Conventional stainless steel manufacturing methods include two-stage and three-stage composite steelmaking. The two-stage steelmaking method first uses a primary smelting furnace to melt scrap steel and alloyed iron (for example: ferrochrome, nickel iron) to produce stainless steel preliminary molten steel. Next, a ladle is used to load the stainless steel preliminary molten steel and sent to a refining furnace for a refining process to produce stainless steel molten steel that meets the specifications. The primary refining furnace may be an electric furnace, and the refining process may be atmospheric refining or vacuum refining. The atmospheric refining may be, for example, an Argon Oxygen Decarburization (AOD) process, and the vacuum refining may be, for example, a vacuum oxygen degassing Carbon (VacuumOxygen Decarburization, VOD) process.

In the two-stage steelmaking method, the use of an electric furnace with an argon oxygen decarburization process has the advantages of high capacity and high flexibility in the selection of raw materials. However, due to the high cost of argon and the argon oxygen decarburization process, it is not conducive to manufacturing requirements. Very low carbon, hydrogen and nitrogen steel grades. Conversely, the use of an electric furnace with a vacuum oxygen decarburization process is suitable for refining steels with very low carbon, hydrogen and nitrogen. When a ladle with molten steel is placed in a vacuum tank for oxygen decarburization, in order to avoid the splash of molten steel, the ladle must reduce the amount of molten steel in the ladle, resulting in a long process and low production capacity. Shortcomings.

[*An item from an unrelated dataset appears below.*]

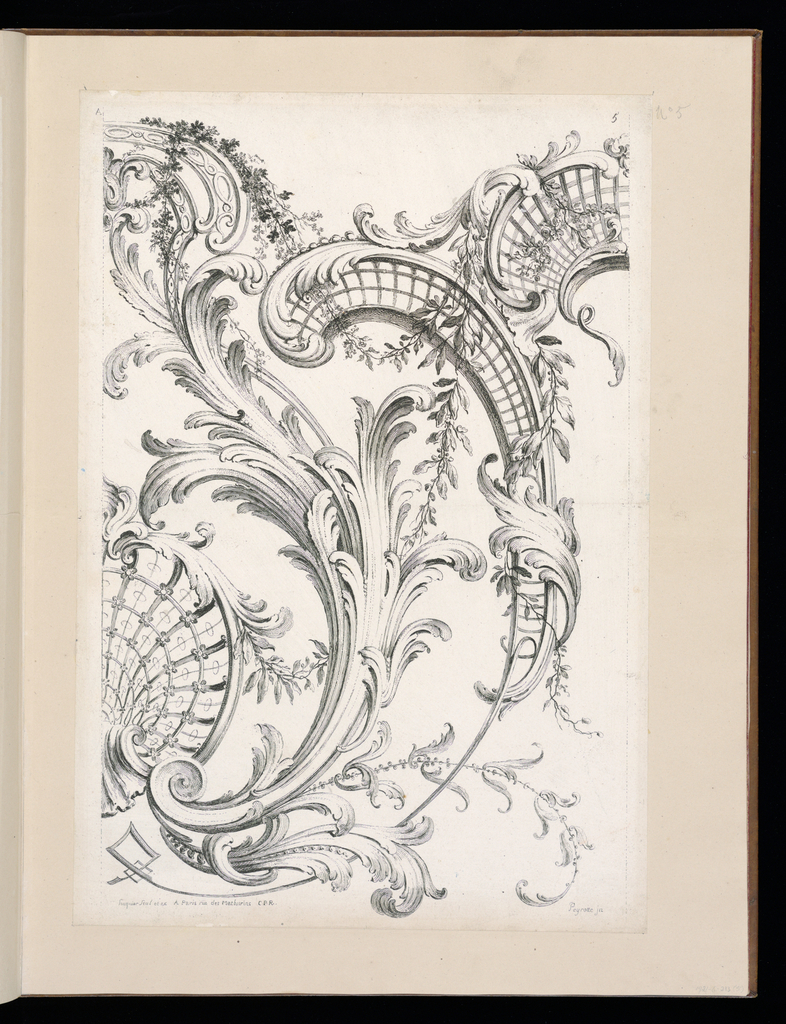 Print, Acanthus Leaf and Fretwork Ornament Design; Designed by Alexis Peyrotte (French, 1699–1769); Print Maker: Gabriel Huquier (French, 1695–1772); France; etching on laid paper; 47.8 x 32.7 cm (18 13/16 x 12 7/8 in.); Purchased for the Museum by the Advisory Council; 1921-6-213-5

The three-stage steelmaking method uses vacuum oxygen decarburization as the final treatment process. First, as in the two-stage steelmaking method, a stainless steel preliminary molten steel is produced using a primary furnace (electric furnace), and then a converter is used to perform an oxygen decarburization process on the preliminary molten steel. Then, a vacuum oxygen decarburization process is performed to obtain stainless steel molten steel. In the three-stage steelmaking method, the converter may be an Argon Oxygen Decarburization (AOD) process or a Metal Refining Process (MRP) process.

Compared with the two-stage steelmaking method, the three-stage steelmaking method can combine the advantages of an electric furnace with an argon oxygen decarburization process and an electric furnace with a vacuum oxygen decarburization process. Very low carbon, hydrogen and nitrogen steel. However, both the three-stage steelmaking method and the two-stage steelmaking method that performs a vacuum oxygen decarburization process cannot avoid the problems of low productivity and long time.

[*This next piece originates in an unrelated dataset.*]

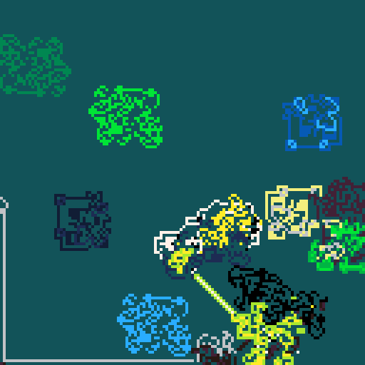 Eight one dimensional, and eight two dimensional Langton's ants battle for space in a tiny box. Z or X will speed up the step count of the program. Written and debugged in Pico-8.

In view of this, there is an urgent need to provide a method for manufacturing stainless steel by adding molten steel melted by an intermediate frequency furnace after a vacuum oxygen decarburization process to increase production capacity and thereby reduce process time.

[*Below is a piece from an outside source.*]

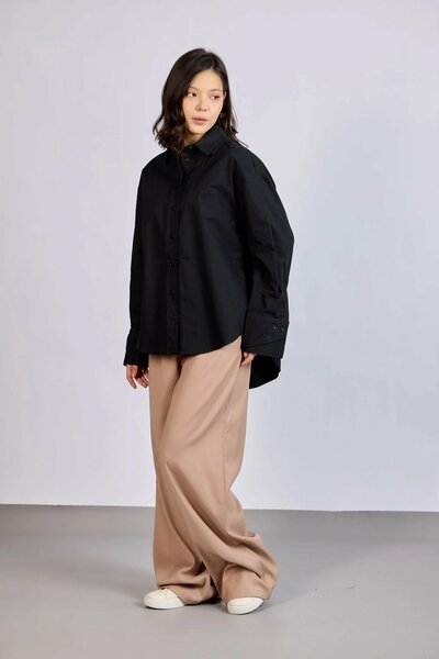 Базовая рубашка свободного кроя с длинными рукавами. Выполнена из натурального воздухопроницаемого и легкого материала, хорошо держит форму и обеспечивает комфорт в течение всего дня.

One aspect of the present invention is to provide a method for manufacturing stainless steel, which is obtained by adding a second molten steel melted by an intermediate frequency furnace to a free volume of a steel drum after a vacuum oxygen decarburization process. Molten steel.

Another aspect of the present invention is to provide a method for manufacturing stainless steel. Method, which is a method of vacuum blowing oxygen and decarburization of molten steel obtained by smelting scrap steel and alloy iron, and mixing the obtained first molten steel with a second molten steel having a carbon content of less than 1.0% to obtain stainless steel molten steel. .

According to one aspect of the present invention, a method for manufacturing stainless steel is provided. First, supply molten steel to the ladle. The distance between the molten steel level and the top edge of the ladle is defined as the free distance, and the free distance and the inner diameter of the ladle are defined as the free volume. Next, the steel ladle is moved into a vacuum oxygen decarburization furnace, and a vacuum oxygen decarburization process is performed on the molten steel to obtain the first molten steel. Then, an intermediate frequency furnace is used to melt the second molten steel, wherein the volume of the second molten steel is less than the aforementioned free volume. After the vacuum oxygen decarburization process is completed, a second molten steel is added to the free volume of the steel ladle to obtain stainless steel molten steel.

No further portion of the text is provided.